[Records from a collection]
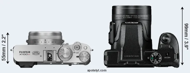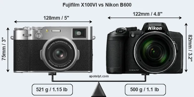 An illustration of the physical size and weight of the Fujifilm X100VI and the Nikon B600 is provided in the side-by-side display below. The two cameras are presented according to their relative size. Three consecutive views from the front, the top, and the rear side are shown. All width, height and depth measures are rounded to the nearest millimeter.
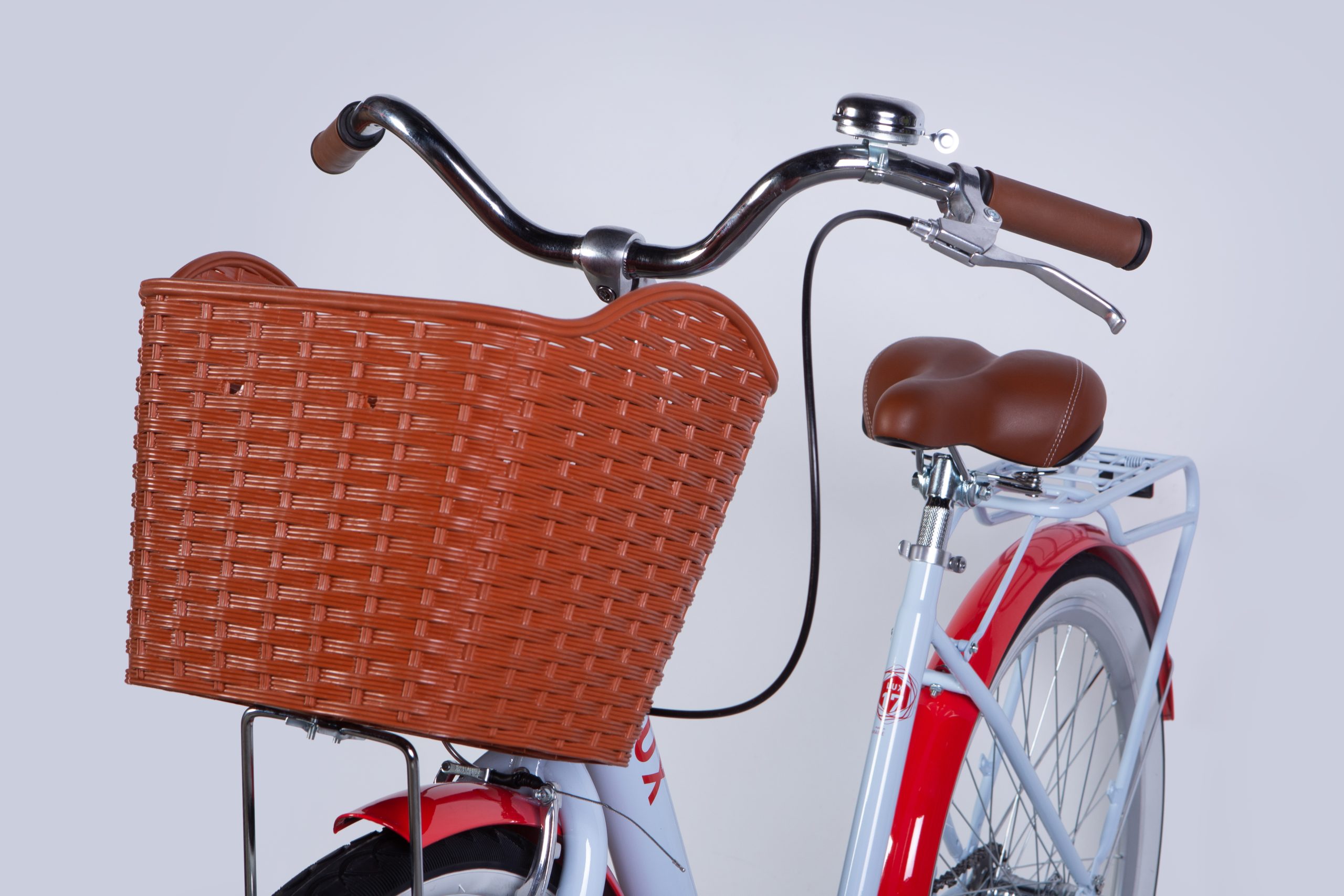 Що ще варто відзначити? Багажник, на якому можна перевезти всі необхідні речі, корзина для покупки, підніжка і дзвоник — усі ці елементи довершують загальне враження. Одним словом, він ідеальний для покупок, поїздок до друзів або ж для поїздок на природу. Окрім того, велосипед має надійні педалі з алюмінію і шатуни, які зроблять будь-який рельєф легко подоланим.
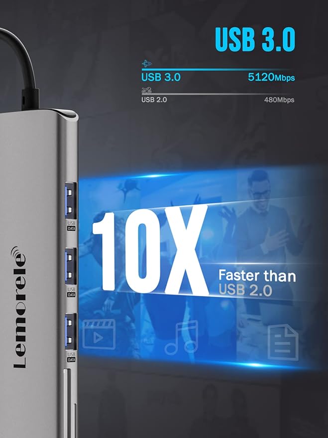 - 【4 x USB Ports for Full Connection】 Lemorele USB C Dongle offers 1 x USB 3.0 port( super speed with data transfer up to 5Gbps), 1 x USB C 2.0 for ports fast transmission, 2 x USB 2.0 ports for connecting the USB peripherals such as flash drive, hard drive, keyboard, mouse, printer and more.
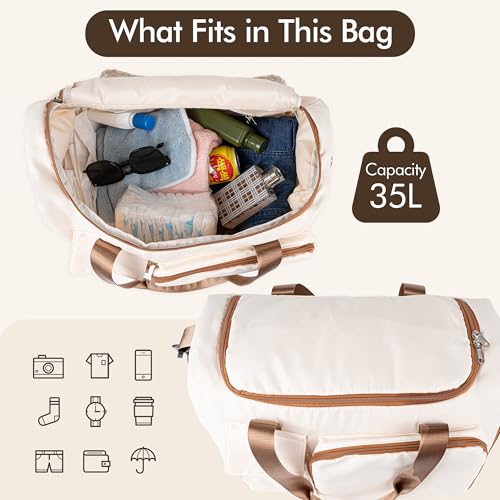 • Roomy Capacity:The large duffel bag is a space-saving superstar! When folded, it measures a tiny 26*5*21cm(10.2*2*8.2inches)—perfect for storing in small spaces. But don’t let its compact size fool you! When expanded to its full size of 47*25*30cm(18.5*9.8*11.8inches), it offers a spacious 35L capacity. This overnight bag is your go-to for weeding trips,weekend sleepover, gym gear, or even as a backup bag for your travels.
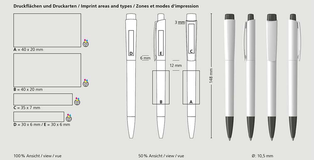 Der Zeno softtouch/high gloss ist ein Druckkugelschreiber. Materialien und Oberflächen: Spitze: Kunststoff (ABS) hochglänzend. Schaft und Oberteil: Kunststoff (ABS), gummierte Softtouch-Oberfläche. Drücker: Kunststoff (ABS) hochglänzend. Minenröhrchen: Recyceltes Polypropylen (rPP). Standardfarben: Spitze, Schaft, Oberteil und Drücker: aus 14 Farben kombinierbar. Sonderfarben: ab 5.000 Stück, ab 25.000 Stück ohne PMS-Zuschlag. Standardmine: Silktech L (3.000 m), blau oder schwarz, Mine optional: Silktech XL, Multifill P, Multi-Gel.
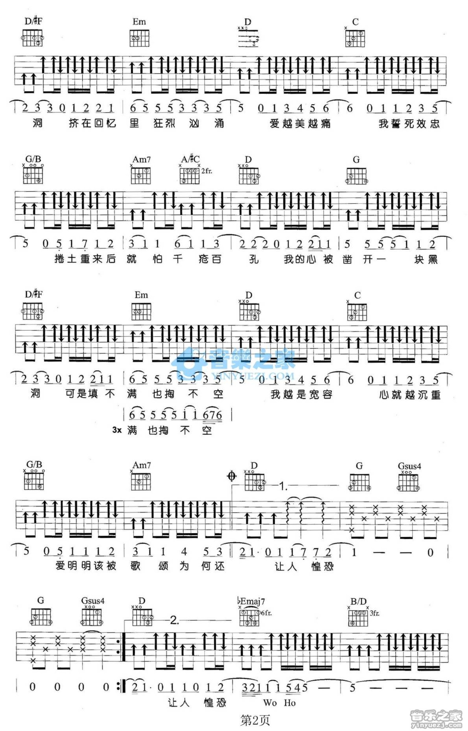 曲谱介绍: G调版 陈势安《心洞》吉他弹唱六线谱
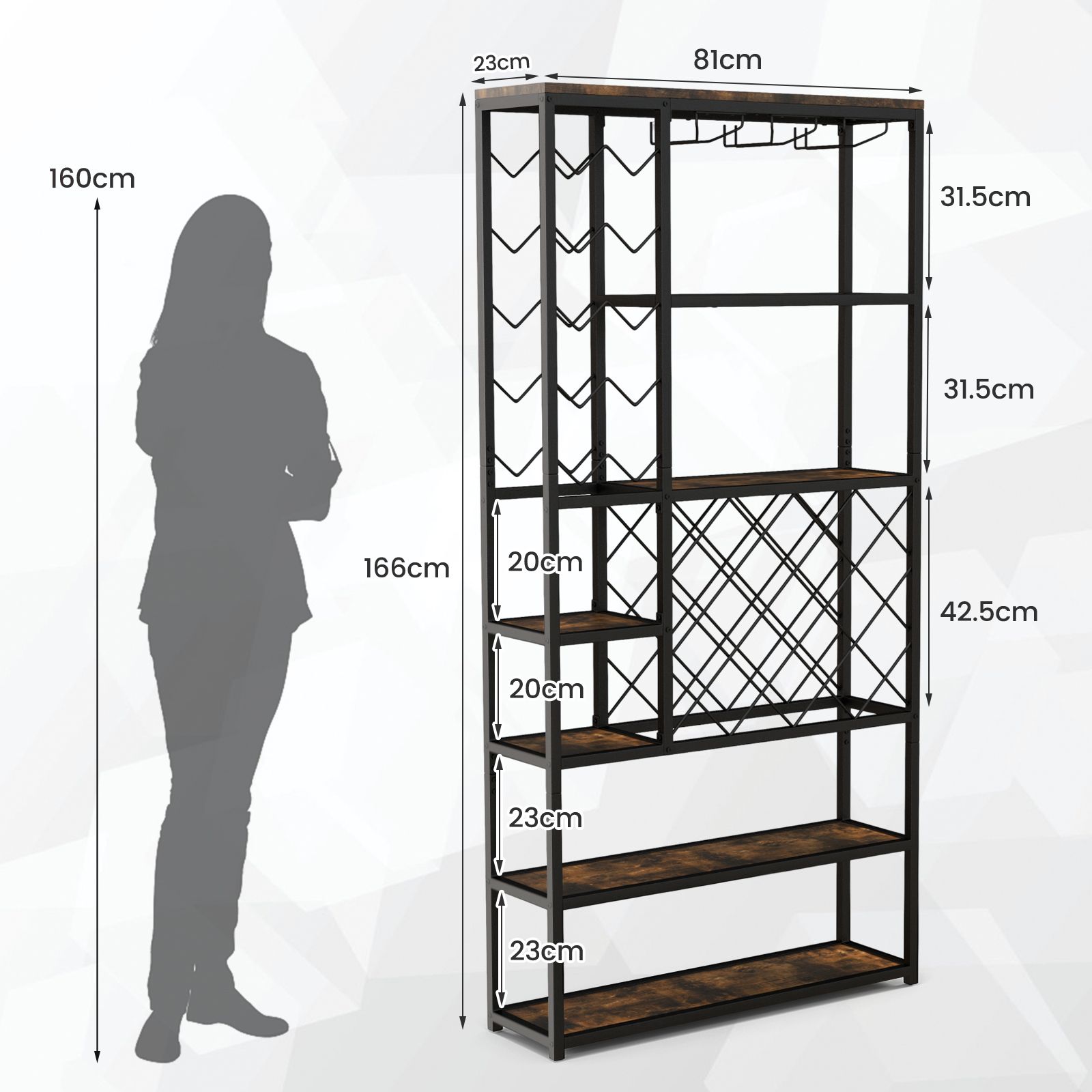 Overall Dimension: 81 x 23 x 166 cm(L x W x H) Distance Between Each Shelf:31.5/31.5/20/20/23/23 cm Bottle Capacity: 27 Glass Capacity: 16 Suitable Bottle Size:5.5-9 x 20-35 cm (D x L) Weight Capacity of Each Shelf: 45 kg

** Problem **
Give back exactly the lines from the one containing "曲谱介绍: G调版 陈势安《心洞》吉他弹唱六线谱" to the final line of the entries, both included, and no picture.

** Your response **
 曲谱介绍: G调版 陈势安《心洞》吉他弹唱六线谱
 Overall Dimension: 81 x 23 x 166 cm(L x W x H) Distance Between Each Shelf:31.5/31.5/20/20/23/23 cm Bottle Capacity: 27 Glass Capacity: 16 Suitable Bottle Size:5.5-9 x 20-35 cm (D x L) Weight Capacity of Each Shelf: 45 kg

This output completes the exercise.